Somebody call Hercule Poirot and Sherlock Holmes. There's an ECAC team out there who might mystify them both.
Its name: Rensselaer Polytechnic Institute, RPI for short. Harvard hockey fans know that the Engineers from Troy, N.Y., knocked off the Crimson, 4-3, last Saturday in Houston Field House, but is there more to RPI than it's seventh-place ranking?
You bet there is. RPI is 6-4-0 on the season (2-2-0 ECAC), hardly the kind of record that one would think justifies a top-ten ranking--especially considering that three of those losses came to lightly regarded teams, including home defeats to New Hampshire, Brown and Hockey East cellar-dweller Merrimack.
In light of that 1-3 home record, the home fans of Houston Field House actually started chanting, "Pretend you're on the road! Pretend you're on the road!" during Friday's game with Brown. But hold the phone, guys. With away wins at Boston University and Maine (numbers two and four, respectively, in the country), and a big out-of-conference win over Bowling Green, the Engineers have proven that they can skate with any team in the country. Still, how can they calm down?
"If I could tell you the solution, we'd be a better club," RPI netminder Neil Little said. He, in truth, is the only reason that his school isn't 0-4 at home, thanks to his 45-save showing against the Crimson. "We're up one night and down the next, and really we've got to strive to stay focused and consistent within the system our coaches have us playing in. I'd admit it--we're struggling right now."
"Although [Saturday] was a big win for us, we still made a lot of mistakes and did a lot of things poorly," captain Ron Pasco said. "There's a long way to go, to be sure, and hopefully we can use this win to boost our confidence and help us play a little more composed in the future."
Obviously, should the Engineers start clicking on all cylinders, they could yet be the scary team from the ECAC, one worthy of the consensus preseason favorite's mantle. But until RPI finds that level of consistency, the only ones it will continue to scare are its own fans.
One and one, down one: The Crimson's split with Union and RPI knocked it down a notch to 10th in the latest Troy Record national collegiate hockey poll.
With 54 points, Harvard (5-2-1, 5-2-1 ECAC) is eerily one point ahead of Northern Michigan, the school that knocked the Crimson out of the NCAA tournament last March in Worcester, Mass. Lightly regarded coming into the year, the Wildcats continue to show that such an upset is no fluke, last weekend splitting two games with sixth-ranked Wisconsin.
Michigan (12-1-1) became the first team this year to garner all 27 first-place votes on the strength of a two-game sweep of Western Michigan. And the two Hockey East powerhouses? BU swept Merrimack to leap up and claim the second spot in the nation, while pesky Northeastern split two with Maine and dropped the Black Bears two slots to fourth.
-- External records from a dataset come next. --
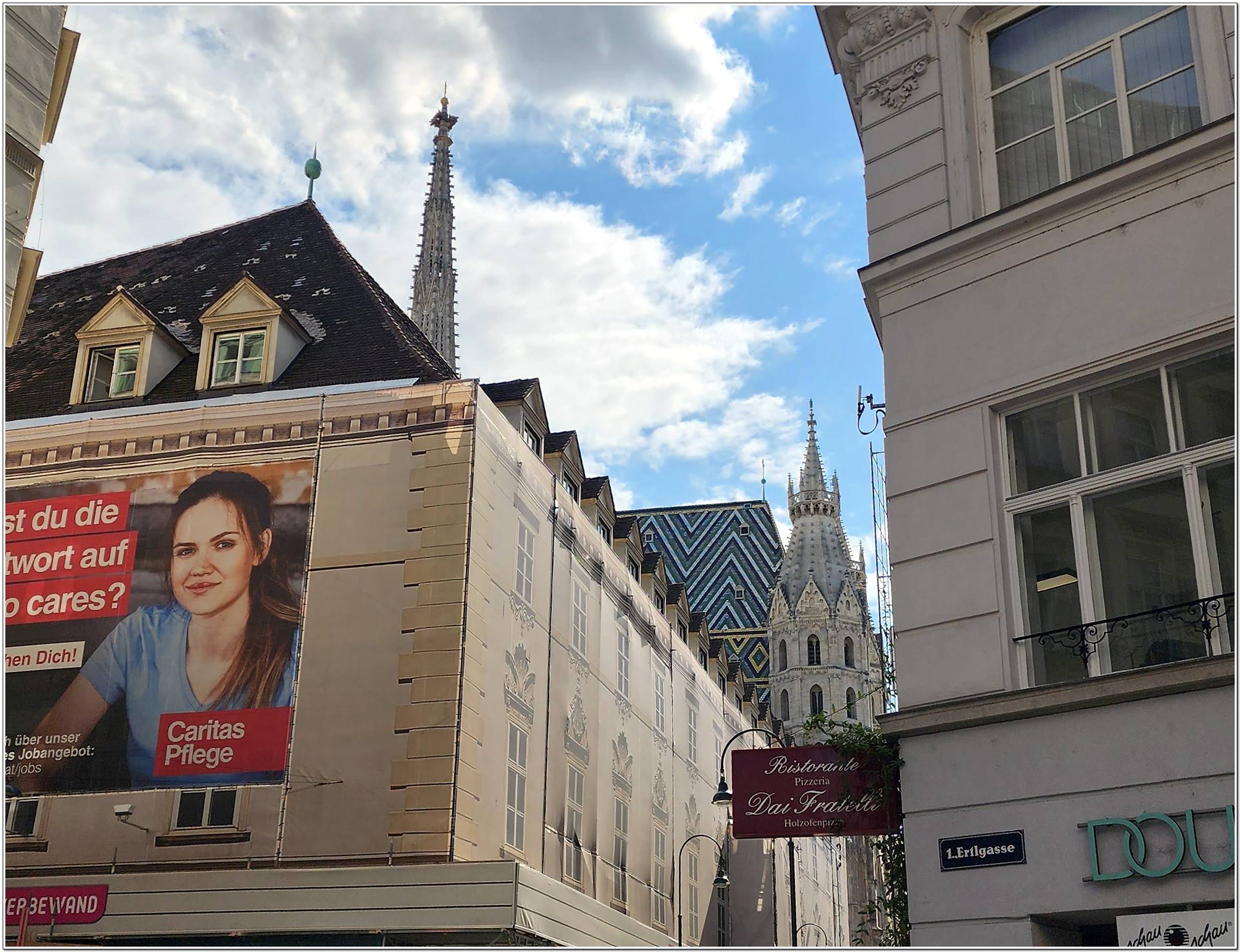 옛 시가지의 중심에 위치한 슈테판 대성당은 오스트리아 최대의 고딕 성당으로 비엔나의 상징적인 건물이다. '슈테플'이라는 애칭으로 불리는 남탑은 137m로 성당의 탑으로는 세계에서 세번째로 높다.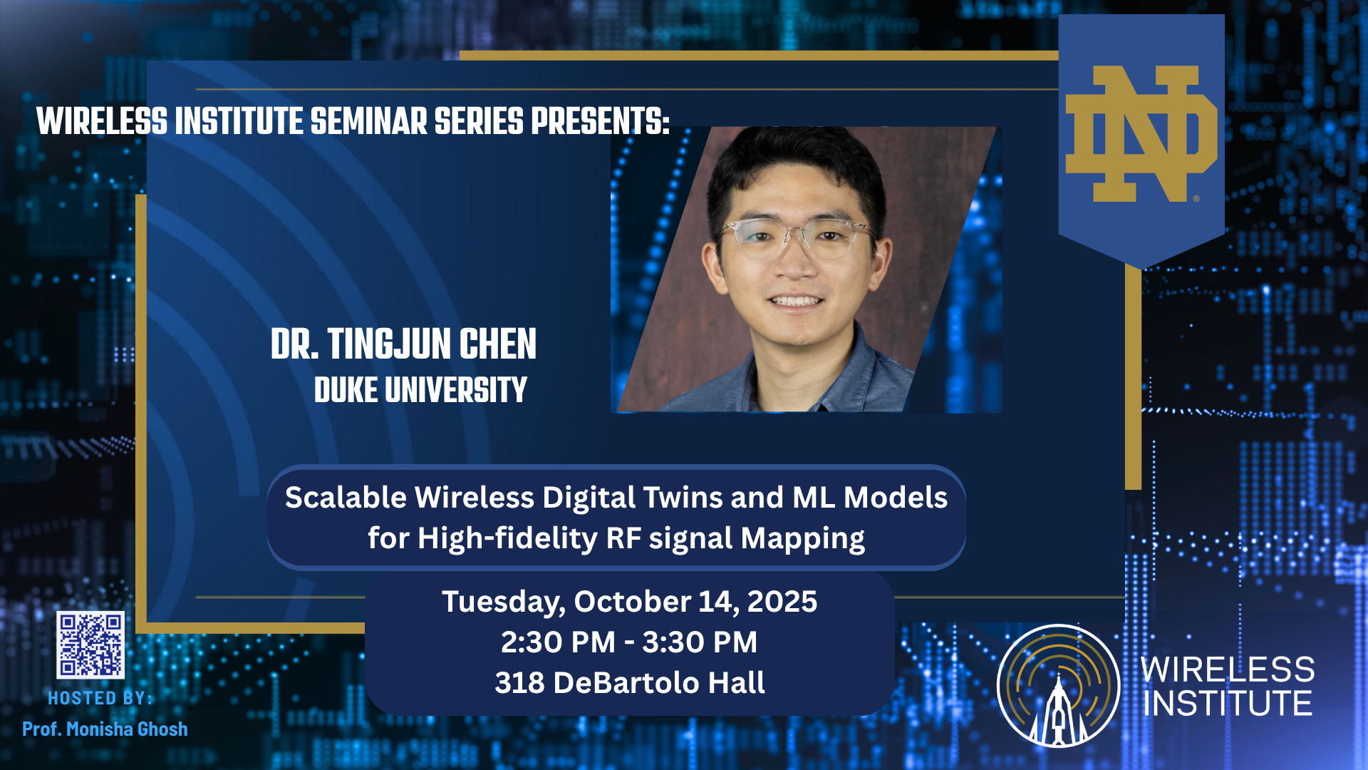 Bio: Tingjun Chen is the Nortel Networks Assistant Professor of Electrical & Computer Engineering at Duke University, with a secondary appointment in Computer Science. His research focuses on the networking, communication, sensing, and energy-efficient computing aspects of wireless, mobile, and optical networked systems, bridging both theoretical foundations and experimental platforms. He received his Ph.D. degree in Electrical Engineering from Columbia University in 2020, and his B.Eng. degree in Electronic Engineering from Tsinghua University in 2014. Between 2020–2021, he was a Postdoctoral Associate at Yale University. He has received multiple awards including the NSF CAREER Award, Google Research Scholar Award, IBM Academic Awards, NVIDIA Academic Awards, Columbia Engineering Morton B. Friedman Memorial Prize for Excellence, Columbia University Eli Jury Award, and the Facebook Fellowship. He is also a co-recipient of several paper awards from ACM CoNEXT, ACM MobiHoc, IEEE MTT-S IMS, IEEE/Optica OFC, and ECOC. His Ph.D. thesis was recognized by the ACM SIGMOBILE Dissertation Award Runner-up.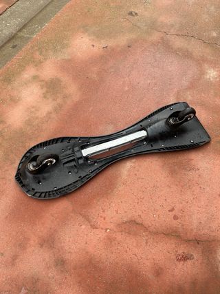 Monopatín de dos ruedas con diseño dividido. - Dos plataformas conectadas por un eje. - Ruedas giratorias en cada plataforma.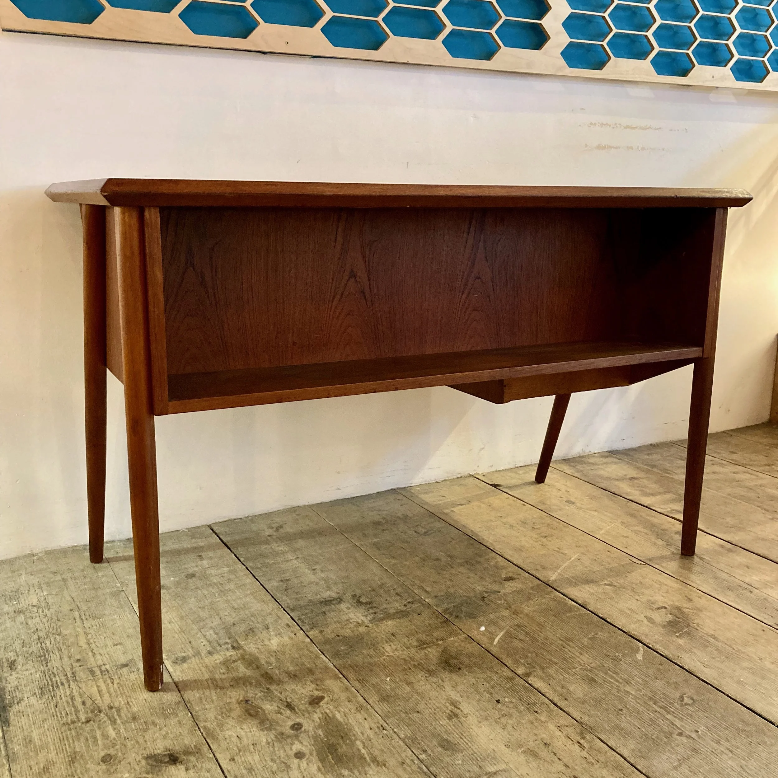 A beautifully crafted mid-century Danish teak desk, designed by the renowned Gunnar Nielsen Tibergaard in the 1960s. This elegant piece embodies the timeless simplicity and functionality that Danish modern furniture is celebrated for.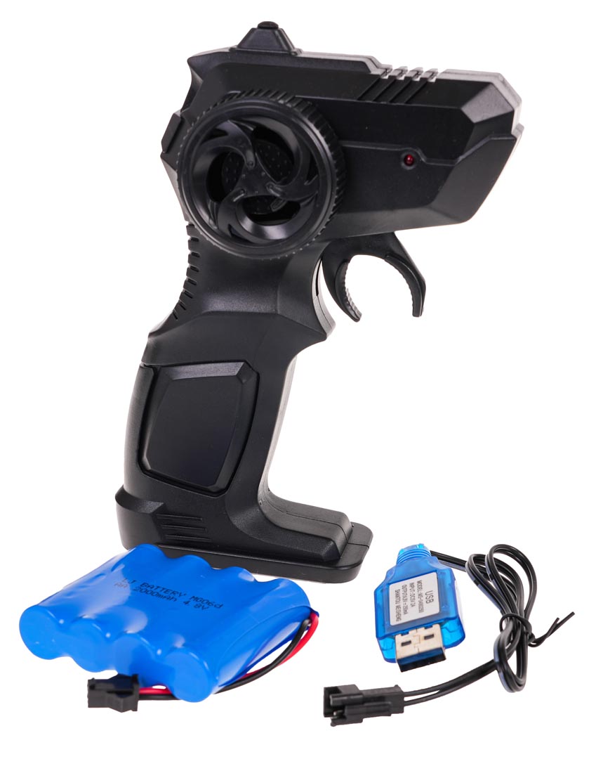 | - Crawler Monster Rock czerwony, - pilot, - akumulator 4,8 V, - kabel USB do ładowania akumulatora. |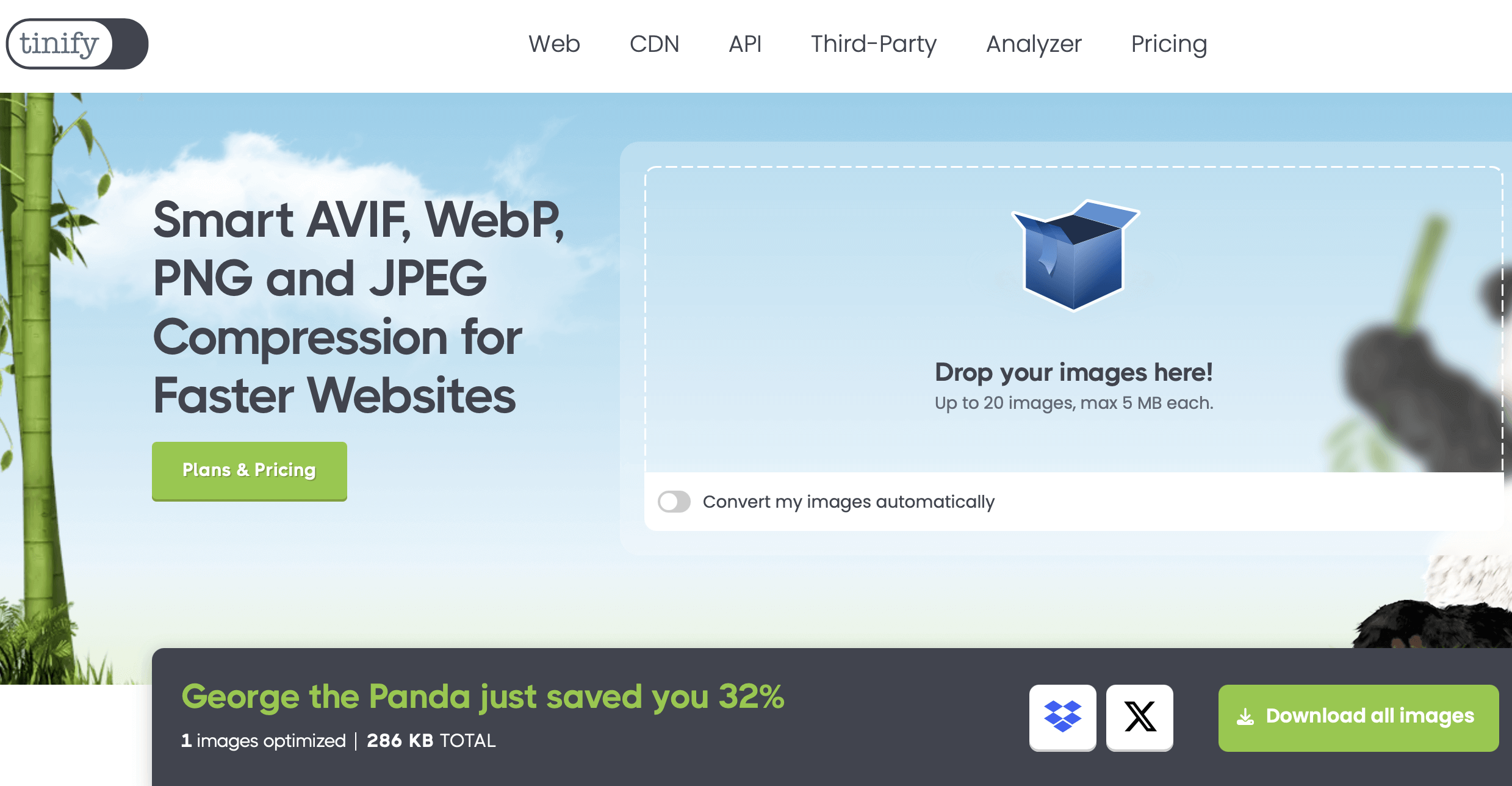 TinyPNG allows – contrary to its name – not only the compression of PNG files, but also JPEG and WebP files. In the free standard version, you can optimise up to 20 images of these three formats simultaneously, with the maximum file size per image limited to 5 megabytes.

Harvard Shorts: No truth to the rumor that freshman Ethan Philpott is still in Coach Ronn Tomassoni's doghouse for making an obscene gesture in the Cornell game several weeks ago. According to Tomassoni, his shoulder has been acting up again, forcing him to sit on the sidelines for both games last weekend. When healthy, Philpott will battle senior Ian Kennish for a fourth-line winger spot...Speaking of Kennish, he's one of only two right-handed shots among the 12 forwards in the current Crimson configuration, sophomore Kirk Nielsen being the other. Hard to figure...Tomassoni is still solidly behind both of his goaltenders, sophomores Aaron Israel and Tripp Tracy, even in light of the latter's spotty play of late.
"It's a long season, and there are certain times when one is going to play better than the other," he said.
And in light of the Crimson's current slump in scoring on the five-on-five, Tomassoni has another theory. "We're averaging over 18 penalty minutes a game, our opponents even more than that," he said. "There's not a lot of time left for five-on-five play, is there?" Some of those minutes do cancel each other out in the form of coincidental minor penalties. Just the same, he's got a point.